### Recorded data
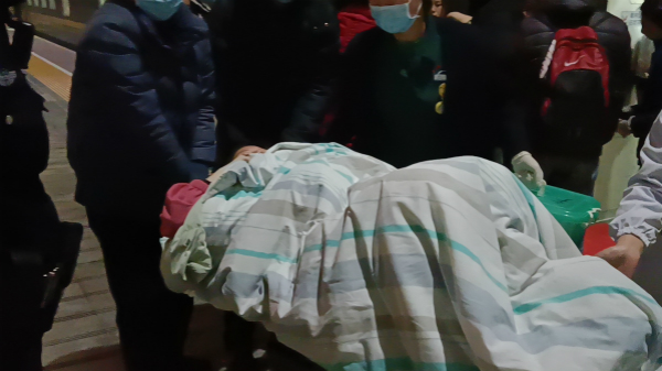21時51分,列車提前3分鐘到達宜昌東站,此時醫護人員、車站值班員早已在站臺等候。醫生查看孕婦情況后,表示“胎心正常,請不要擔心”。聽到這個信息,車廂工作人員懸著的心終于放下。大家齊心協力,快速將李女士送上救護車。
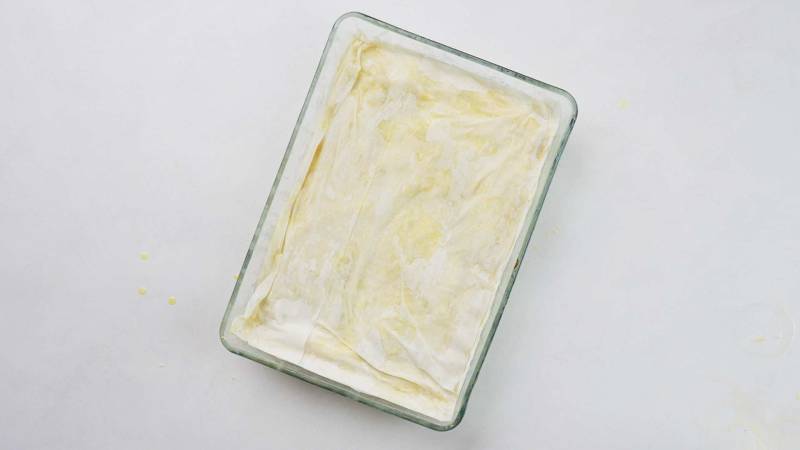 Melt the unsalted butter and unwrap the filo dough. Place one sheet of filo dough on a work surface and brush it lightly with melted butter, ensuring to cover the corners. Fold it in half and place it in the greased baking dish. Repeat with 9 more sheets, stacking them on top of each other.
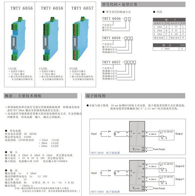 TMTY6056,TMTY6057,TMTY6058 ,TMTY6056-1A,直流信號(hào)隔離器(支持輸出回路供電)
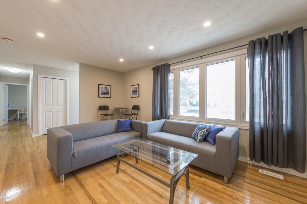 • Apartment is 1230 square feet and has 4 bedrooms, 2 full bathrooms with double sinks and common spaces shared by all.
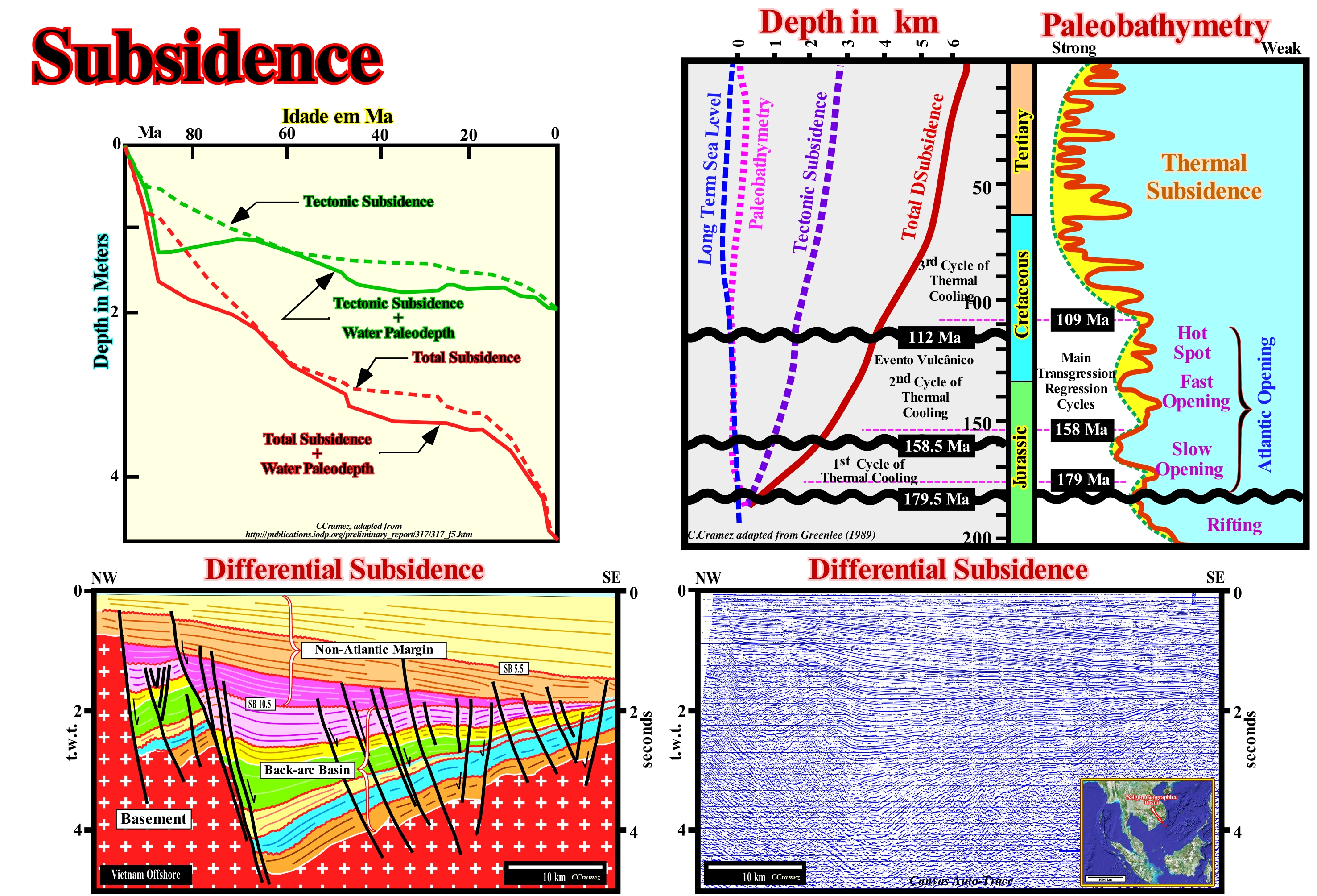 (*) Do not forget that in sequential stratigraphy it is fundamental not to confuse the relative sea level with absolute (eustatic) sea level. The first is a local sea level, referenced to any fixed point on the Earth's surface, which can be the base of the sediments (top of the continental crust) or the sea floor. The second is supposed to be global and referenced to the Earth's centre. The relative sea level is the result of the combined action of absolute (eustatic) sea level and tectonics (subsidence or uplift of the sea floor). The absolute sea level is the result of the combination of: i) Tectono-Eustasy that is controlled by the volume variation of the ocean basins in association with oceanic expansion following the break-up of the supercontinents ; (ii) Glacio-Eustasy, which is controlled by the variation of water volume of the oceans as a function of the amount of ice (assuming that the amount of water in all its forms is constant since the formation of the Earth, around 4.5 Ga) ; (iii) Geoidal-Eustasy, which is controlled by the distribution of ocean water caused by variations in the Earth's gravity field (where gravity is stronger than normal, sea level is thrown to the centre of the Earth) and (iv) Thermal expansion of the oceans or steric sea level rise (if the temperature increases, the density of the water decreases, and for a constant mass, the volume increases). During a given geological time, the combination of the eustatic curve (absolute sea level changes curve) and the tectonics (subsidence of the sea floor, when the predominant tectonic regime is in extension or uplift, when the predominant tectonic regime is compressional) gives the curve of the relative sea level changes.

### PROBLEM DETAILS
Set the pictures aside and retype exactly the lines above from the line with "TMTY6056,TMTY6" to the line with "shared by all.", both included, adding no others.

### RESULT OF THE EXERCISE
 TMTY6056,TMTY6057,TMTY6058 ,TMTY6056-1A,直流信號(hào)隔離器(支持輸出回路供電)
 • Apartment is 1230 square feet and has 4 bedrooms, 2 full bathrooms with double sinks and common spaces shared by all.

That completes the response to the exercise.